Recorded data:
◇ ◇ ◇ ◇ ◇

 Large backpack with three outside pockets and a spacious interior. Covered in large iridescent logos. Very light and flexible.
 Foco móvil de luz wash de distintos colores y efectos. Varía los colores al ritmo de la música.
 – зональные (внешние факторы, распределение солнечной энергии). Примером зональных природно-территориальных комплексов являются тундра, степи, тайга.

◇ ◇ ◇ ◇ ◇

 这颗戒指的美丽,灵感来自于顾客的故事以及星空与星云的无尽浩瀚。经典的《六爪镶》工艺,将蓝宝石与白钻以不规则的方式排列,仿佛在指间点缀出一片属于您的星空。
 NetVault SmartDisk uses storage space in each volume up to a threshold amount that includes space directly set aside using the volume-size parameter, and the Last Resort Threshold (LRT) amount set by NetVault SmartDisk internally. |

◇ ◇ ◇ ◇ ◇

Problem to solve:
Above is a listing; print exactly its lines from the one with "Foco móvil de" through the one with "тундра, степи, тайга.", and no other lines.

Exercise answer:
 Foco móvil de luz wash de distintos colores y efectos. Varía los colores al ritmo de la música.
 – зональные (внешние факторы, распределение солнечной энергии). Примером зональных природно-территориальных комплексов являются тундра, степи, тайга.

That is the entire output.